Hong Kong CNN Business  — 

Myanmar’s military junta is using torture to extract information from detainees on the whereabouts of senior opposition members and activist leaders, according to an American citizen and journalist who was recently released from a Yangon prison.

Nathan Maung, 44, was detained for more than three months in Myanmar before being deported to the United States on June 15. During that time, he said he endured two weeks in a secretive military-run interrogation center in the country’s biggest city Yangon.

Speaking to CNN Business on Wednesday from Washington, DC, Nathan Maung described his time in the facility as “hell” and said he prepared himself to die there, believing the soldiers would kill him.

He is one of more than 6,200 people arrested since Myanmar’s military, led by Gen. Min Aung Hlaing, seized power in a coup on February 1, according to advocacy group Assistance Association for Political Prisoners. The military overthrew the elected government of Aung San Suu Kyi and embarked on a bloody crackdown on dissent and on any perceived opposition to its rule. Mass street protests have been suppressed with deadly force.

Former inmates, lawyers and family members of those held have previously told CNN the detainees have been subjected to torture during interrogation and held out of contact from loved ones. Some — including members of the ousted National League for Democracy (NLD) Party — have died while in custody, their bodies showing signs of brutal torture.

CNN Business has reached out to Myanmar’s military for comment.

Nathan Maung was detained in Myanmar for more than three months.

Despite months of escalating violence, the junta has said it is using restraint against what it called “riotous protesters,” who it accuses of attacking police and harming national security and stability.

Nathan Maung is co-founder and editor in chief of the Myanmar online news site Kamayut Media. He was arrested on March 9 alongside co-founder and news producer Hanthar Nyein, 39, as security forces raided their office.

Though now living in the United States, Nathan Maung said he is “not happy” and feels an overwhelming guilt he was released because of his American citizenship, while his friend and colleague Hanthar Nyein, a Myanmar national, remains incarcerated in the notorious Insein Prison.

“We’ve been through the hell together. So, we should be released together,” Nathan Maung said, his voice cracking with emotion. “I really want him to know that we are not forgetting him. He’s not alone.”
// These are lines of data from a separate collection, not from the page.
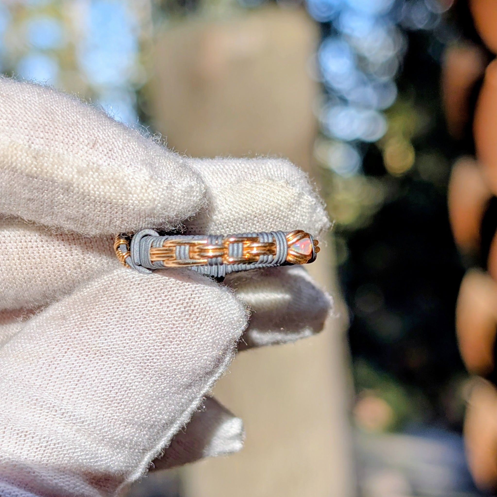 This ring features two Ethiopian opals wrapped in oxidized sterling silver and 14k gold fill.
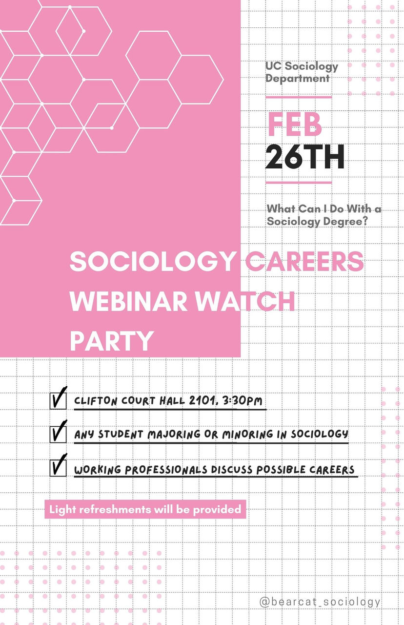 Join us for a watch party to learn about all of the career paths open to students majoring and minoring in Sociology! Light snacks will be provided.
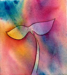 Loosely sketch leaves onto the dry paper with a pencil. Follow my example, or create your own personal symbol. While it may be tempting to want more intricate, complex forms, keep your shapes very simple and flat for this exercise.

Danny Fenster, another American journalist who was prevented from boarding a flight out of Myanmar on May 24, remains in detention, also in Insein Prison.

Weeks of ‘hell’

Nathan Maung knew something was wrong when a convoy of military trucks full of soldiers pulled up outside Kamayut Media’s office in Yangon. Security forces barged through the door and raided the office, seizing equipment and taking Nathan Maung and Hanthar Nyein with them as they left.

“They sent us to the interrogation center in Mingaladon,” he said, referring to a suburb of Yangon.

There, Nathan Maung said they were beaten, denied water for two days and food for three. They were handcuffed and blindfolded nearly the entire two weeks they were there, he said.

“They started with a blindfold and handcuffs and then started questioning. They kicked our face, hands and shoulder, all the time. For every answer, they beat us. Whatever we answered — whether correctly or incorrectly — they beat us. For three days, non-stop,” he said.

Nathan Maung said the facility had five houses and one big office. Within the buildings, he said, there were four interrogation cells. He said his blindfold was removed on his final day there so he got a look at the room and the buildings.